That's the pure truth right there. You will have your dream accomplished? Don't you think at one point Walt Disney was thinking about his future as well? He had wishful thinking, and for him it came true. The thing that separates him from the rest was that he never gave up on those thoughts.
We have the same idea. I would feel bad for not doing something I wished to do, but I wouln't fear about it. When I am counting down my days left, I will only think about my accomplishments in the past, not the goals I never reach.
Wow, those ar some great goals that I think you can definately achieve some day.
I hope I can hold Janet Animation/Game in the future and then jump upon some random stranger in celebration and proceed to cry great tears of manly happiness. I'll be rooting for you, Janet!! If you have a dream stive to reach it, never just give up on a dream because it seems like a "wish." There is never the impossible if you really set your mind to it.
I think it's fun to entertain notions every now and then, no matter how outlandish they may seem. After all, there's nothing wrong really, with indulging in a bit of daydreaming. We did it all the time as children (I did at least).
I like your optimism. I wish I can be that optimistic about death, because I am sure I will miss a lot things, but I don't think I will take them that well.

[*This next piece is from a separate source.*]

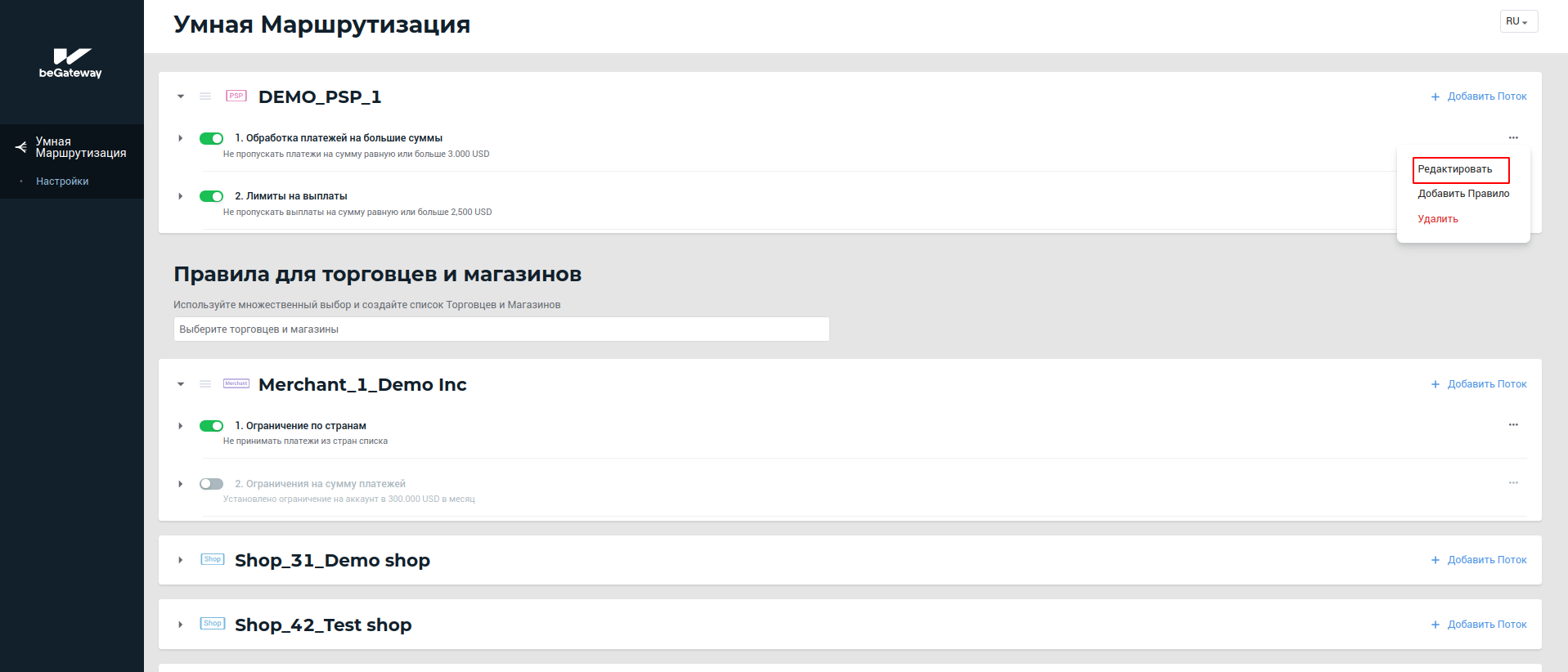 1. Перейдите на вкладку Умная маршрутизация.2. Выполните одно из двух действий:

It is good that you have a clear goal of being an artist,go for your dream!(:
hm, the last statement really left me thinking. It really is better to recall past memories rather than thinking about what i could do. Last moments before we die, we remember everything. That would be nice.
I think in the end we should all be proud of what we've done. No matter how much we had to give up or leave behind, there is always something to be thankful about. Be satisfied.
I think you are extremely capable of achieving this goal! I've seen your art in class and I'm really impressed with the work you've done. Great post and keep on keeping on.
I love your last few sentences because they are exactly how i feel.
I understand what you said about living life instead of just thinking about it. But don't you have to think about it to live it? I spot a little doublethink!
You're bery ambitious, good for you! It's good to see that you know how you want to be remembered. I think I know what I want people to remember me by as far as personality goes, but as far as accomplishments, I'm not sure yet.
Janet, I have seen your work.
I have read your essay that you wrote first semester when we were both in Heinrich-Jostie's class. I'd say, you have a chance. You're amazingly talented! Don't let fear get to you. If there are undone things for me when I am no longer exist, I would just let it be or leave to someone who might be willing to finish whatever I have left behind. All the time I would think unfinished things meaning business, because those are things which I plan on doing, but I have not really done them yet. In life, we all have many things, things we dream about when we are still living. I usually do not dream that much, because I would feel that I have done so much that there is hardly anything left. Unfinished business do not really give me pause when those are past and I no longer think about them. Furthermore, my life is far more than just being dealt with independence. I have the responsibility of knowing my daily routine and not to linger behind. In addition, I may not have any friends, but people would still come up and say "hello" to me in a nice way. I can do lots of things with my life, and not including bad things which can result in harsh, bitter consequences. What I think about the meaning of my life is that when I look towards the future, I dream of all the greatness I can live through with my life. Sometimes I thought about temporary things, which I originally plan on doing but later have some disagreement with them. Some of these thing would not matter to me, as much as other important things, like making the house really clean and brand-new looking. The purpose of me having the kind of life I am living with was merely observe other people's qualities, to see what makes them good or bad.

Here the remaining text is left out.